DATASET EXCERPT:
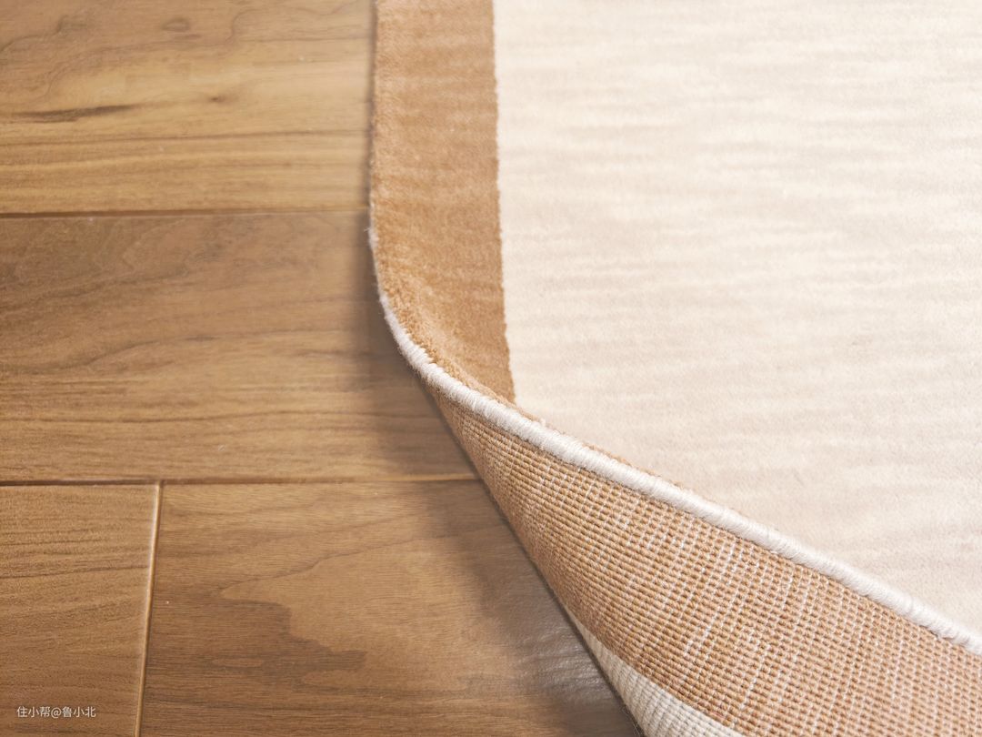 从侧面视角,也能发现铺上后与地面特别贴合,四周都会特别平整,这样会显得很有质感。相对劣质的地毯,四周会翘边,不好看!
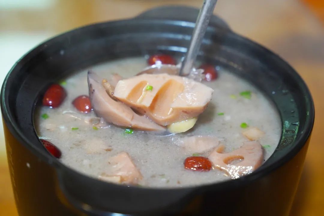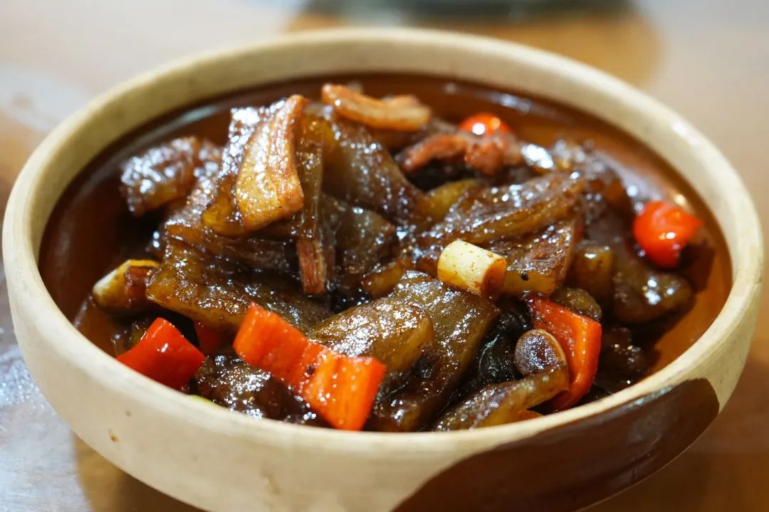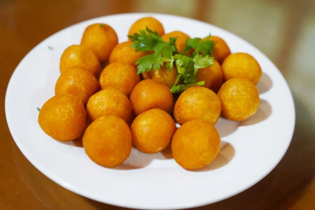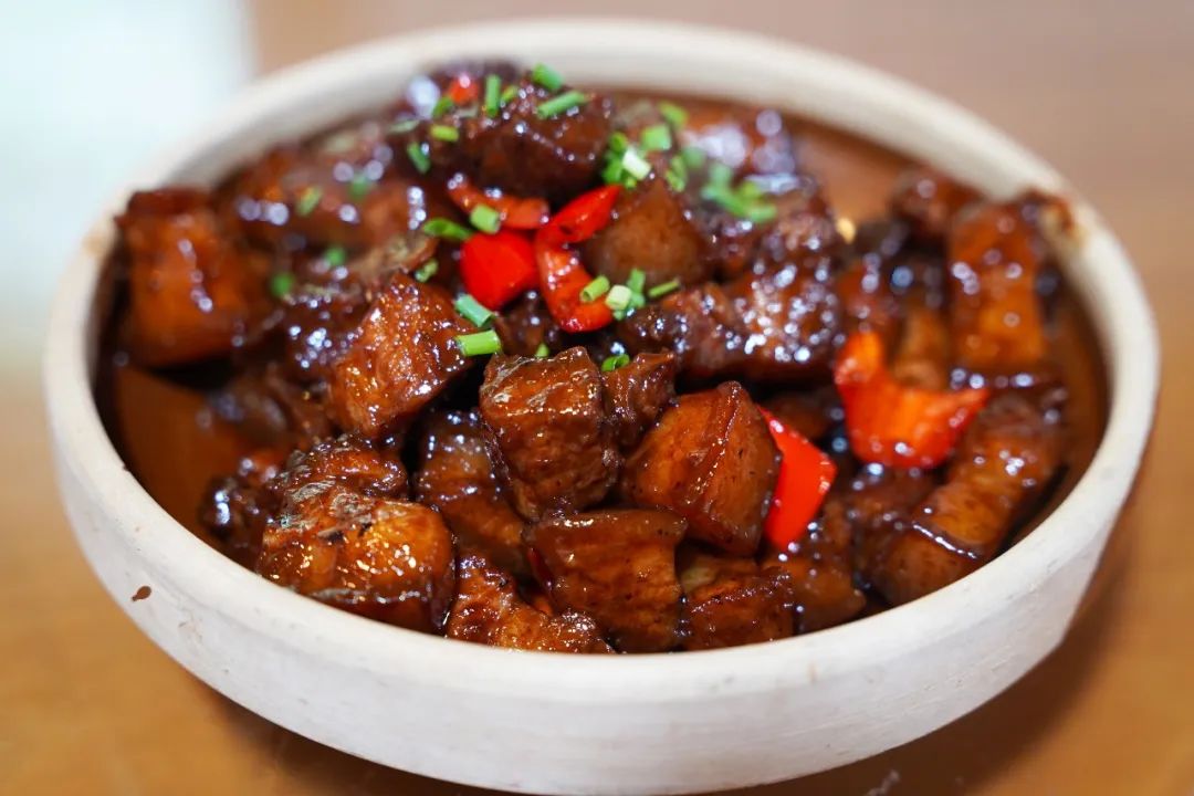 金黃酥脆的炸藕夾中間裹著肉香燉過的紅燒肉口感滑嫩不粘膩
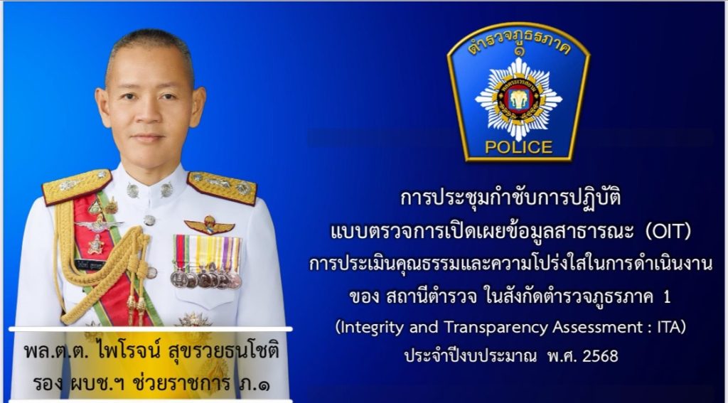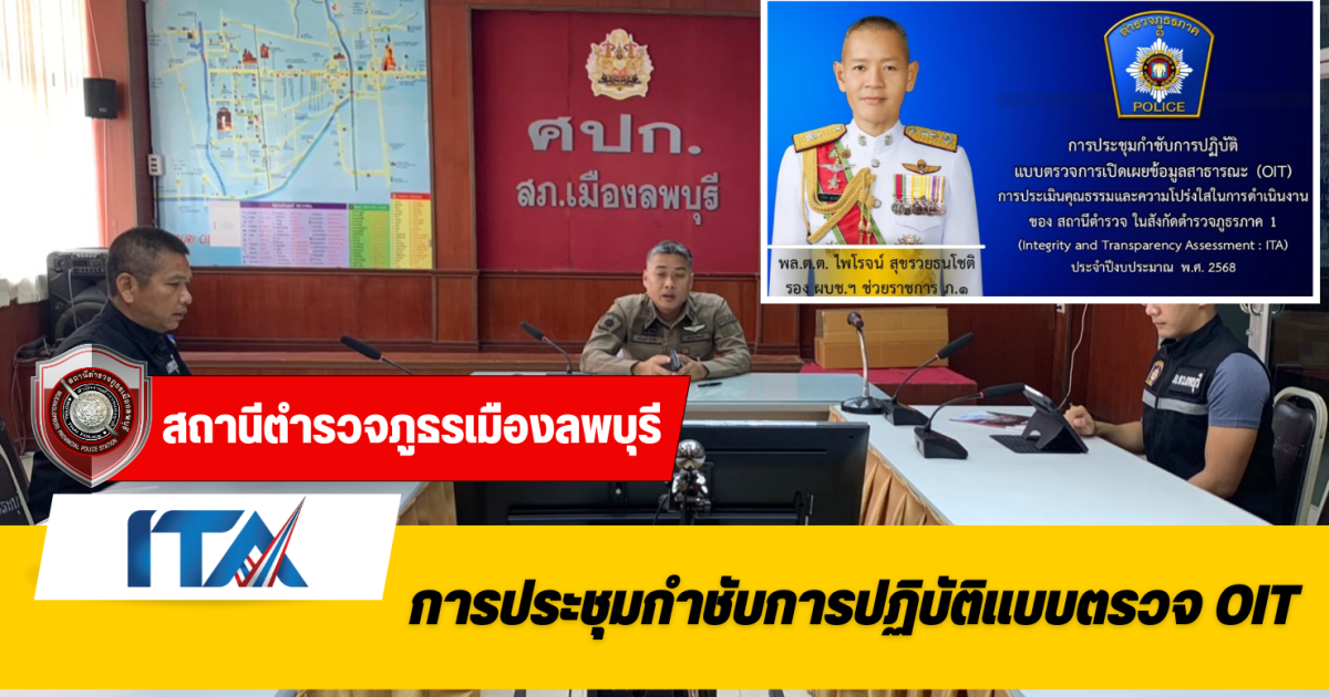 การประชุมกำชับการปฏิบัติแบบตรวจ OIT 11 เมษายน 2568 โดย admin / การมีส่วนร่วมของหัวหน้าสถานีตำรวจ,ข่าวภารกิจผู้บังคับบัญชา ในวันที่ 11 เมษายน 2568 เวลา 13.30 น. พ.ต.อ.จรินทร์ ลำลึก ผกก.สภ.เมืองลพบุรี, พ.ต.ท.วินัย แจ่มอำพร สว.อก.สภ.เมืองลพบุรี และ ส.ต.อ.ศุภกฤต แสงทอง ผบ.หมู่ (ป.) สภ.เมืองลพบุรี เข้าร่วมประชุม ของตำรวจภูธรภาค 1 เรื่อง การติดตามการดำเนินการประเมินคุณธรรมและความโปร่งใสในการดำเนินงานหน่วยงานภาครัฐ (ITA) ของสถานีตำรวจ ประจำปีงบประมาณงบประมาณ พ.ศ.2568

YOUR TASK: Copy the material verbatim. The pictures are not part of the copy.

OUTPUT OF THE TASK:
 从侧面视角,也能发现铺上后与地面特别贴合,四周都会特别平整,这样会显得很有质感。相对劣质的地毯,四周会翘边,不好看!
 金黃酥脆的炸藕夾中間裹著肉香燉過的紅燒肉口感滑嫩不粘膩
 การประชุมกำชับการปฏิบัติแบบตรวจ OIT 11 เมษายน 2568 โดย admin / การมีส่วนร่วมของหัวหน้าสถานีตำรวจ,ข่าวภารกิจผู้บังคับบัญชา ในวันที่ 11 เมษายน 2568 เวลา 13.30 น. พ.ต.อ.จรินทร์ ลำลึก ผกก.สภ.เมืองลพบุรี, พ.ต.ท.วินัย แจ่มอำพร สว.อก.สภ.เมืองลพบุรี และ ส.ต.อ.ศุภกฤต แสงทอง ผบ.หมู่ (ป.) สภ.เมืองลพบุรี เข้าร่วมประชุม ของตำรวจภูธรภาค 1 เรื่อง การติดตามการดำเนินการประเมินคุณธรรมและความโปร่งใสในการดำเนินงานหน่วยงานภาครัฐ (ITA) ของสถานีตำรวจ ประจำปีงบประมาณงบประมาณ พ.ศ.2568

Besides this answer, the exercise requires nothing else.